◆ WHAT IS REQUIRED ◆
Copy out the full listing below as it stands, with its pictures left behind.

◆ TASK DATA ◆
===

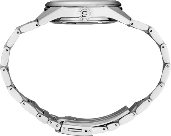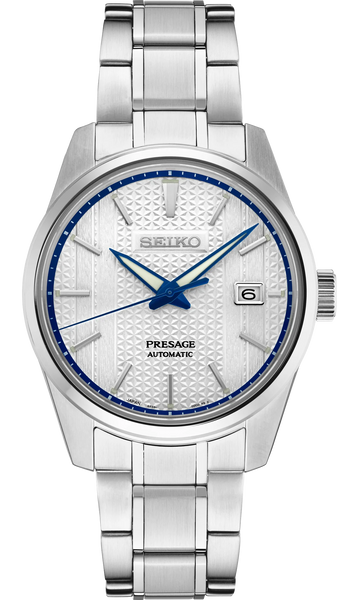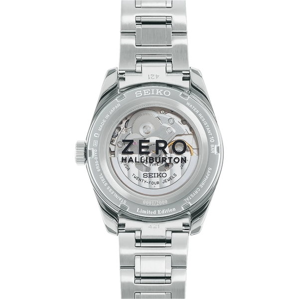 Presage Sharp-Edged Series GMT Zero Halliburton Limited Edition. Offering the finest in Japanese mechanical watchmaking, the Presage Collection blends precision technology with superior craftsmanship and design. The cool angularity of the Sharp-Edged Series, celebrating the fresh look of contemporary Japanese design, provides a perfect match for its first collaborative collection, a Limited Edition group designed with the iconic Zero Halliburton luggage brand. With clean functionality and graceful lines, the aluminum travel cases of Zero Halliburton, first established in 1938, have gained an enthusiastic worldwide following. Created with the blend of practicality and style characteristic of both brands, the new Limited Editions feature a distinctive dial pattern combining Zero Halliburton's double-rib design and the Presage Sharp-Edged Series' Asanoha hemp-leaf motif, a symbol of growth and prosperity dating to the Heian Period (794-1185 AD). Available only in a limited edition of 2,000, with the Zero Halliburton logo on each screw-down, see-through caseback, this exceptional watch is crafted of stainless steel, with super hard coating for enhanced scratch-resistance. The 24-jewel automatic movement beats at a frequency of 21,600 vibrations per hour, with a power reserve of approximately 70 hours and manual winding capability. The silver dial features blue accents, a date calendar and LumiBrite hands and markers, and is topped by a sapphire crystal with anti-reflective coating on the inner surface. A tri-fold push button release clasp offers secure and comfortable wear. Includes a special Limited Edition collectors' case. 10 bar, 100M Water Resistant.
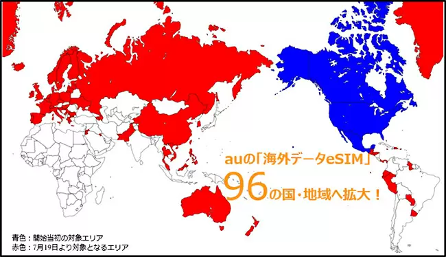 「海外データeSIM powered by GigSky」は、世界中でトラベルSIM事業を展開する米GigSkyが運営するプラットフォームを活用して提供しており、今回の追加で、対象エリアは、北米を含む96の国・地域に拡大した。
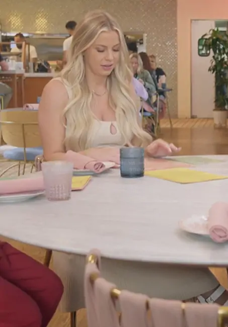 Mayci Neeley on The Secret Lives of Mormon Wives on Hulu was spotted wearing this beige sleeveless dress on The Secret Lives of Mormon Wives on episode 'The Book of Resurrection' (3x05) in Nov 2025. Mayci's Dress is the En Route Knit Cover-Up Maxi Dress by LSpace.
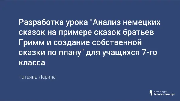 Данный урок разработан для учащихся 7-го класса, изучающих немецкий язык как второй иностранный с 5-го класса. Его цель – знакомство с немецкими сказками, их построением и особенностями, повышение мотивации к чтению, развитие аналитических и творческих способностей учащихся.
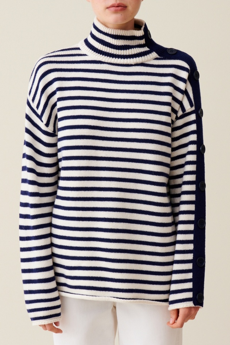 Faixa com botões decorativos no decote, no ombro esquerdo e na manga esquerda
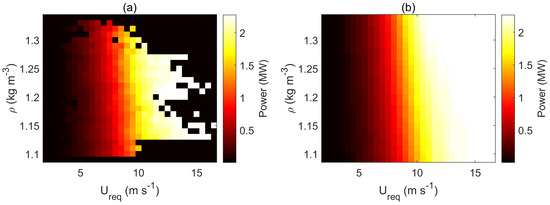 Figure 13a shows the two-dimensional binning of wind power in terms of and . The bin width along the axis is chosen to be 0.5 m·s−1 according to IEC [16]. To have roughly equal number of bins along the axis, the bin width along this axis is set to be 0.01 kg·m−3. Available data are transferred onto two-dimensional bins and generated power is averaged over each bin as shown in Figure 13a. Because the available data do not cover the whole area of feature space, wind power is linearly interpolated along the axis to fill the whole feature space, as shown in Figure 13b. Then, interpolated two-dimensional binned date are used to create a three-dimensional power surface, as shown in Figure 14.
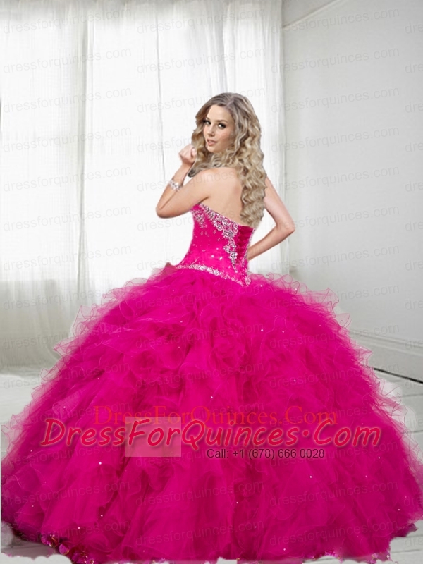 Latest Sweetheart Beading and Ruffles Dresses in Hot Pink for Quinceanera for 2015
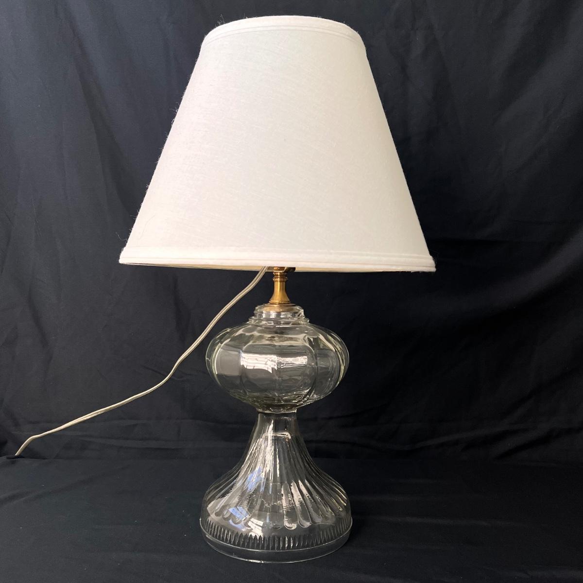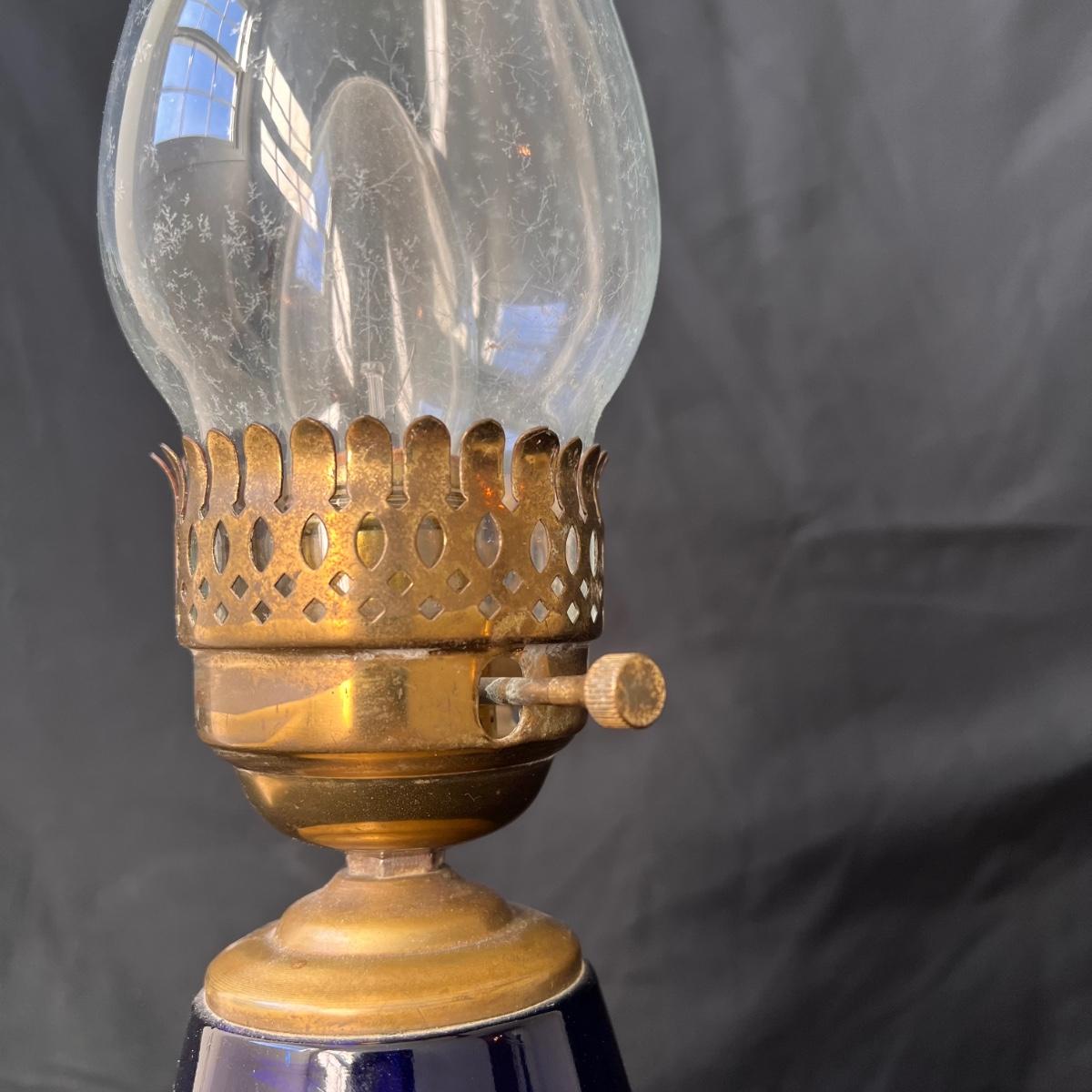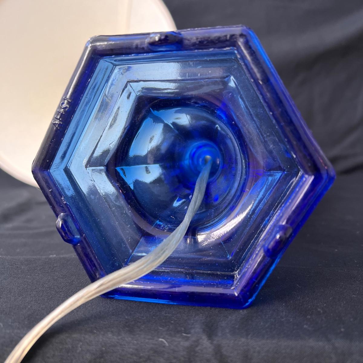 This lot includes three vintage glass lamps of various sizes. The clear lamp measures 11” x 19.5”H. The cobalt blue lamp with the cast iron base measures 6” x 19”H. The other blue lamp measures 11” x 21”H. Measurements are with globes and shades on. All lamps appear to be old oil lamps that have been converted into electric lamps. All lamps powered on when plugged in. Shipping available. Shipping can be costly. We suggest contacting our preferred local shipping provider, Postage Express, with dimensions and getting an estimate before bidding: (828) 255-9250 or shipping@postageexpressnc.com.
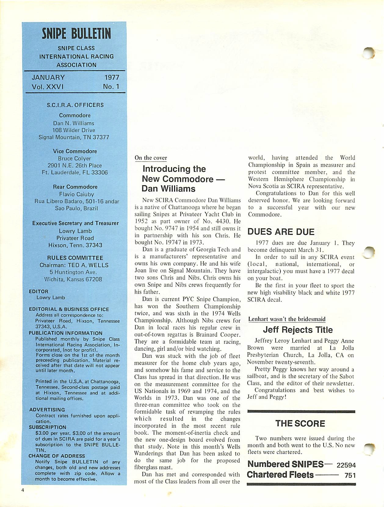 Dan Williams, former SCIRA Commodore in 1977 and long time Rules Chairman/Chief Measurer, has passed away as of June 4.
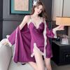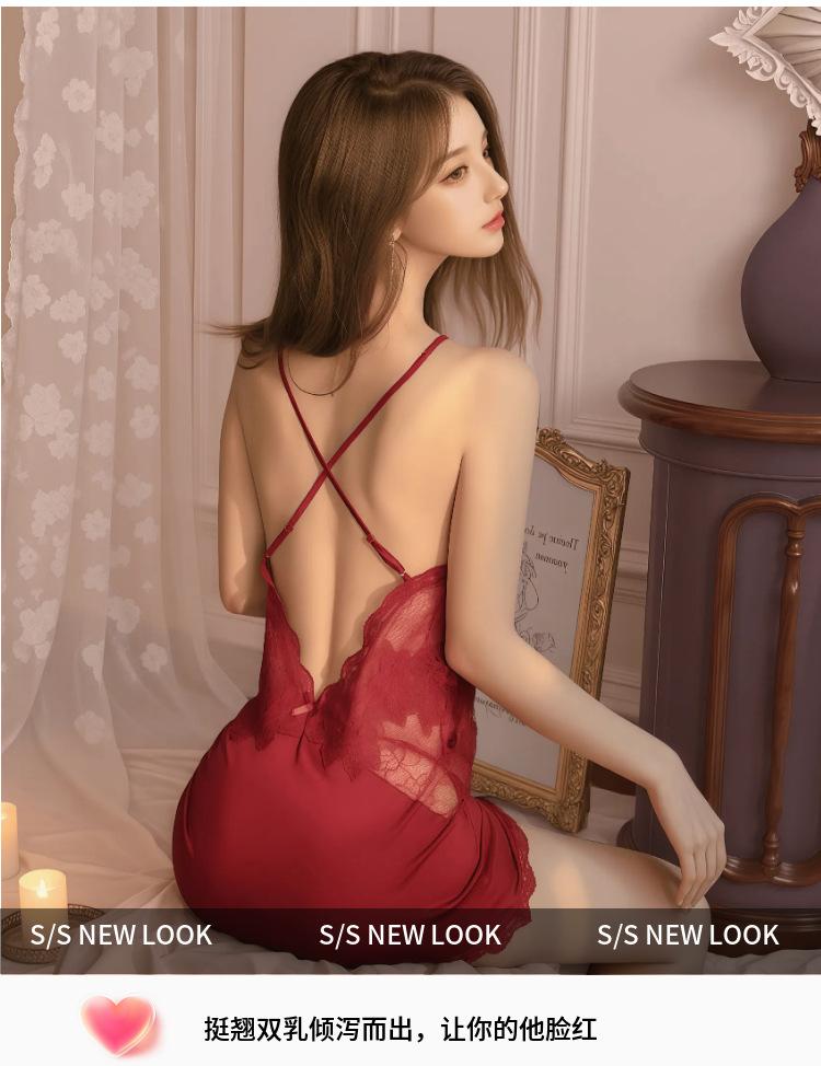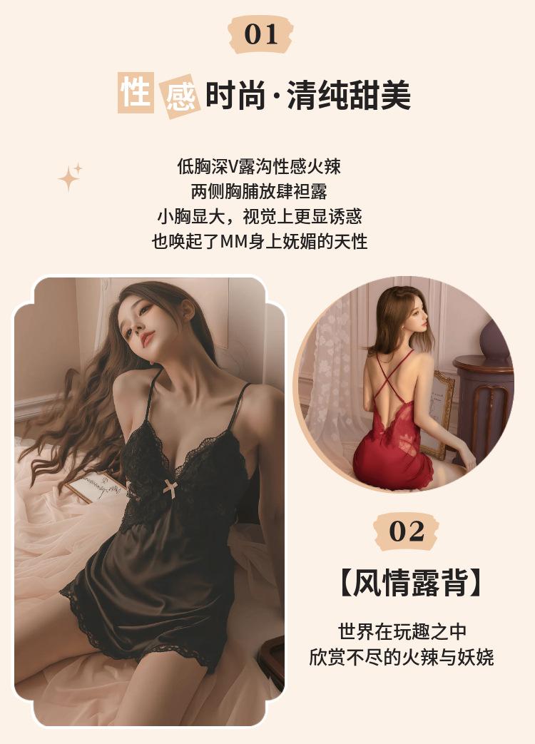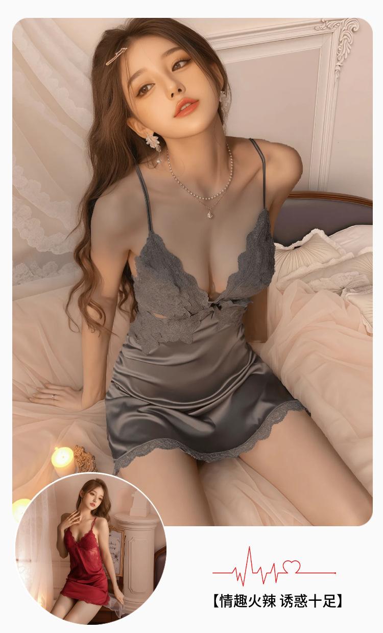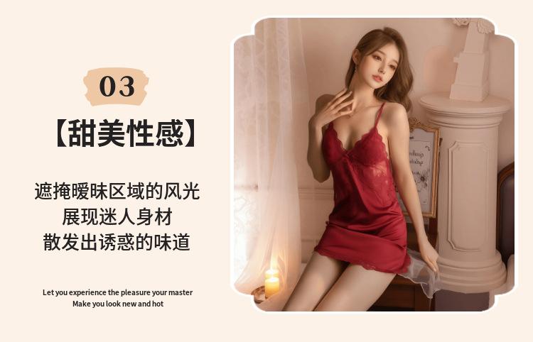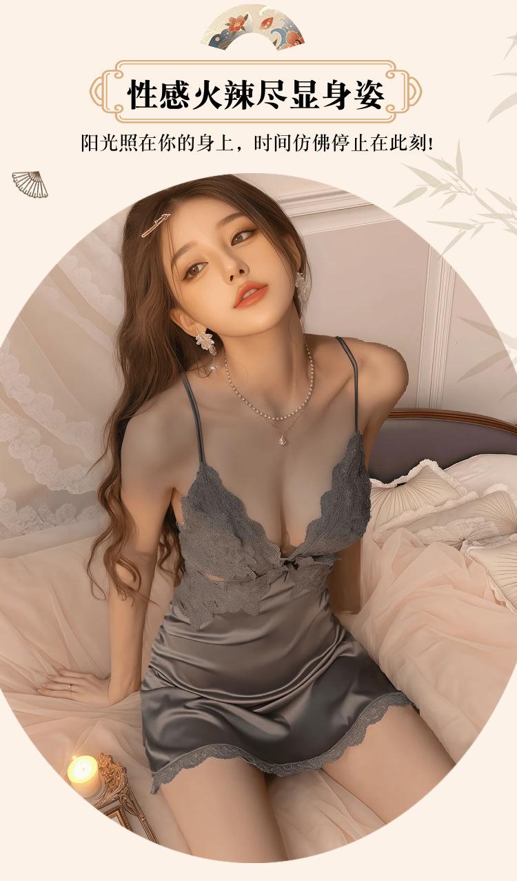 Ropa de Dormir Sexy para Mujer con Seda de Hielo, Almohadilla en el Pecho, Hermoso Encaje en la Espalda, Camisón Floral Soluble en Agua, Ropa de Descanso de Seda Estilo Deseo Puro
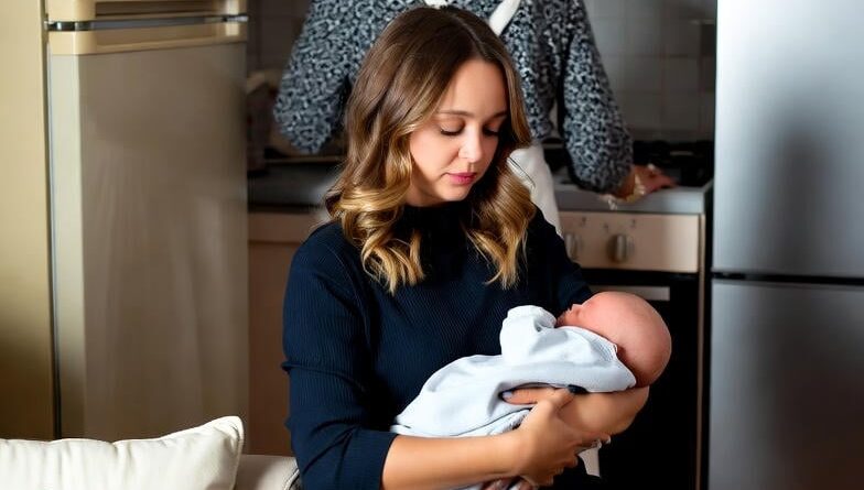 Яна замерла, когда увидела Ларису Викторовну — свекровь стояла у плиты, энергично мешала что-то в кастрюле, волосы уложены, на шее бусы, на губах помада. Казалось, что она готовится к приёму гостей, а не встречает невестку, вернувшуюся из роддома.
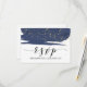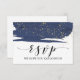 Cette carte de réponse RSVP de site web de mariage à l'aquarelle bleu marine et or est parfaite pour un mariage élégant. Ce design abstrait de nuit étoilée présente un pinceau dramatique d'aquarelle bleu marine surligné de magnifiques paillettes dorées fausses. Personnalisez la carte de réponse en ligne avec la date limite de réponse RSVP et l'adresse du site web de mariage. Si vos invités n'ont pas besoin de mot de passe de site web, vous pouvez remplacer le texte par un message court et doux pour vos invités ou une méthode alternative de réponse RSVP.
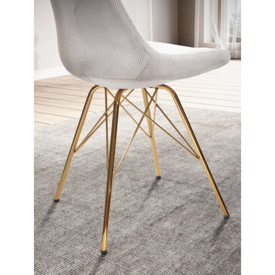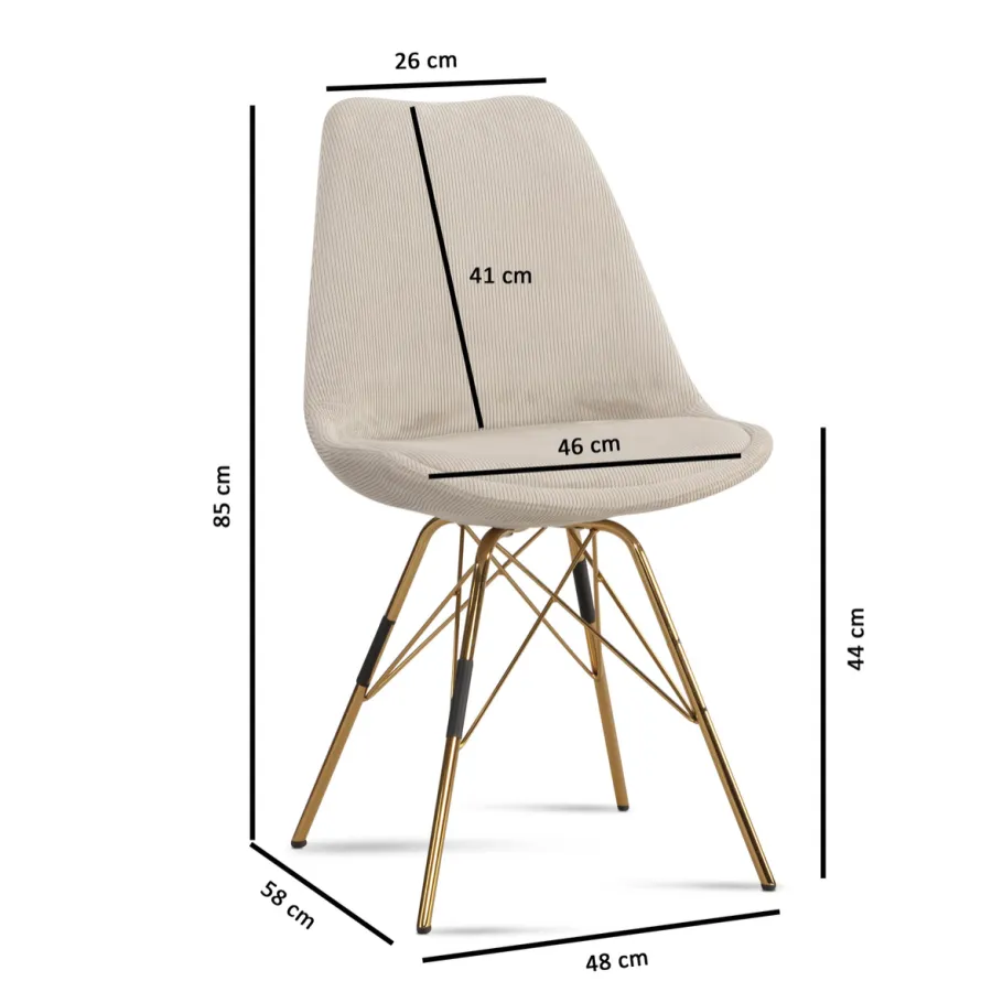 Krzesło do jadalni zachwyca anatomicznie ukształtowanym siedziskiem, które jest pokryte pokrowcem z wysokiej jakości imitacji skóry i wyraźnymi liniami. W ten sposób zapewnia stylową, a jednocześnie nowoczesną atmosferę mieszkalną. Kolejną wizualną atrakcją są nogi krzesła wykonane ze złotego metalu, które są filigranowe i nadal zapewniają stabilną podstawę.

===

◆ WRITTEN ANSWER ◆
 Presage Sharp-Edged Series GMT Zero Halliburton Limited Edition. Offering the finest in Japanese mechanical watchmaking, the Presage Collection blends precision technology with superior craftsmanship and design. The cool angularity of the Sharp-Edged Series, celebrating the fresh look of contemporary Japanese design, provides a perfect match for its first collaborative collection, a Limited Edition group designed with the iconic Zero Halliburton luggage brand. With clean functionality and graceful lines, the aluminum travel cases of Zero Halliburton, first established in 1938, have gained an enthusiastic worldwide following. Created with the blend of practicality and style characteristic of both brands, the new Limited Editions feature a distinctive dial pattern combining Zero Halliburton's double-rib design and the Presage Sharp-Edged Series' Asanoha hemp-leaf motif, a symbol of growth and prosperity dating to the Heian Period (794-1185 AD). Available only in a limited edition of 2,000, with the Zero Halliburton logo on each screw-down, see-through caseback, this exceptional watch is crafted of stainless steel, with super hard coating for enhanced scratch-resistance. The 24-jewel automatic movement beats at a frequency of 21,600 vibrations per hour, with a power reserve of approximately 70 hours and manual winding capability. The silver dial features blue accents, a date calendar and LumiBrite hands and markers, and is topped by a sapphire crystal with anti-reflective coating on the inner surface. A tri-fold push button release clasp offers secure and comfortable wear. Includes a special Limited Edition collectors' case. 10 bar, 100M Water Resistant.
 「海外データeSIM powered by GigSky」は、世界中でトラベルSIM事業を展開する米GigSkyが運営するプラットフォームを活用して提供しており、今回の追加で、対象エリアは、北米を含む96の国・地域に拡大した。
 Mayci Neeley on The Secret Lives of Mormon Wives on Hulu was spotted wearing this beige sleeveless dress on The Secret Lives of Mormon Wives on episode 'The Book of Resurrection' (3x05) in Nov 2025. Mayci's Dress is the En Route Knit Cover-Up Maxi Dress by LSpace.
 Данный урок разработан для учащихся 7-го класса, изучающих немецкий язык как второй иностранный с 5-го класса. Его цель – знакомство с немецкими сказками, их построением и особенностями, повышение мотивации к чтению, развитие аналитических и творческих способностей учащихся.
 Faixa com botões decorativos no decote, no ombro esquerdo e na manga esquerda
 Figure 13a shows the two-dimensional binning of wind power in terms of and . The bin width along the axis is chosen to be 0.5 m·s−1 according to IEC [16]. To have roughly equal number of bins along the axis, the bin width along this axis is set to be 0.01 kg·m−3. Available data are transferred onto two-dimensional bins and generated power is averaged over each bin as shown in Figure 13a. Because the available data do not cover the whole area of feature space, wind power is linearly interpolated along the axis to fill the whole feature space, as shown in Figure 13b. Then, interpolated two-dimensional binned date are used to create a three-dimensional power surface, as shown in Figure 14.
 Latest Sweetheart Beading and Ruffles Dresses in Hot Pink for Quinceanera for 2015
 This lot includes three vintage glass lamps of various sizes. The clear lamp measures 11” x 19.5”H. The cobalt blue lamp with the cast iron base measures 6” x 19”H. The other blue lamp measures 11” x 21”H. Measurements are with globes and shades on. All lamps appear to be old oil lamps that have been converted into electric lamps. All lamps powered on when plugged in. Shipping available. Shipping can be costly. We suggest contacting our preferred local shipping provider, Postage Express, with dimensions and getting an estimate before bidding: (828) 255-9250 or shipping@postageexpressnc.com.
 Dan Williams, former SCIRA Commodore in 1977 and long time Rules Chairman/Chief Measurer, has passed away as of June 4.
 Ropa de Dormir Sexy para Mujer con Seda de Hielo, Almohadilla en el Pecho, Hermoso Encaje en la Espalda, Camisón Floral Soluble en Agua, Ropa de Descanso de Seda Estilo Deseo Puro
 Яна замерла, когда увидела Ларису Викторовну — свекровь стояла у плиты, энергично мешала что-то в кастрюле, волосы уложены, на шее бусы, на губах помада. Казалось, что она готовится к приёму гостей, а не встречает невестку, вернувшуюся из роддома.
 Cette carte de réponse RSVP de site web de mariage à l'aquarelle bleu marine et or est parfaite pour un mariage élégant. Ce design abstrait de nuit étoilée présente un pinceau dramatique d'aquarelle bleu marine surligné de magnifiques paillettes dorées fausses. Personnalisez la carte de réponse en ligne avec la date limite de réponse RSVP et l'adresse du site web de mariage. Si vos invités n'ont pas besoin de mot de passe de site web, vous pouvez remplacer le texte par un message court et doux pour vos invités ou une méthode alternative de réponse RSVP.
 Krzesło do jadalni zachwyca anatomicznie ukształtowanym siedziskiem, które jest pokryte pokrowcem z wysokiej jakości imitacji skóry i wyraźnymi liniami. W ten sposób zapewnia stylową, a jednocześnie nowoczesną atmosferę mieszkalną. Kolejną wizualną atrakcją są nogi krzesła wykonane ze złotego metalu, które są filigranowe i nadal zapewniają stabilną podstawę.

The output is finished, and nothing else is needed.